Tools like CRISPR-Cas are very precise, but scientists still double-check for mistakes by testing edits in cells or animals and scanning DNA to ensure only the intended changes were made. In this way, the scientific community aims to use gene editing in a safe, responsible, and ethical manner.
Then there’s the issue of cost. Many gene therapies are priced in crores, especially those imported from abroad. The government offers financial aid through schemes such as the National Policy for Rare Diseases (2021), covering up to ₹50 lakhs.

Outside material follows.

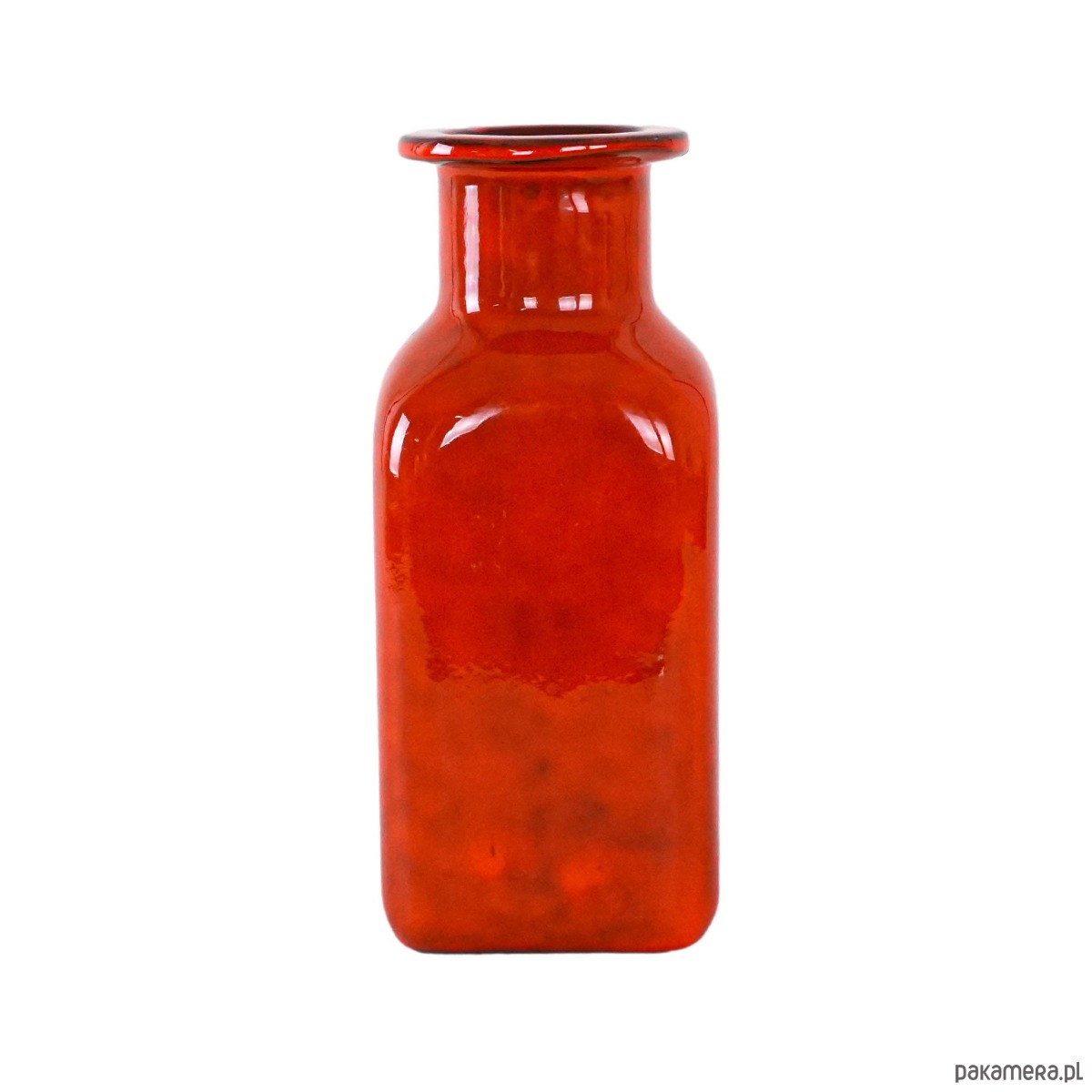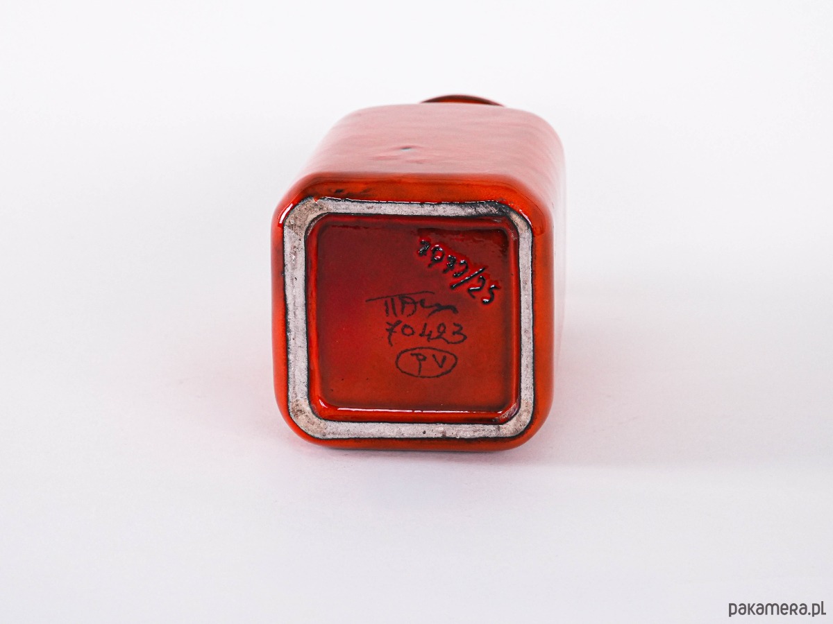 Wazon ceramiczny vintage w odcieniu czerwonym, z delikatną fakturą i geometrycznym kształtem. Stylowy dodatek do wnętrz retro lub boho.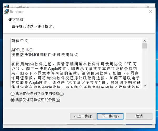 6.选择接受许可协议,然后单击下一步。

Yet, the high cost of some gene therapies exceed these limits and awareness remains low.
Despite these challenges, India’s investments in indigenous technologies (to reduce reliance on expensive imports), genome mapping, and personalized care reflect an emerging commitment to a more ethical and patient-focused future.
Ultimately, gene therapy isn’t just about curing rare diseases or pushing scientific boundaries. It’s about rewriting the story of healthcare with responsibility, and inclusion. As we gain the power to edit genes, we must ask not just what we can do, but what we should do – and who we do it for.
Because in the end, it’s about changing futures and making sure no one is left behind in the process.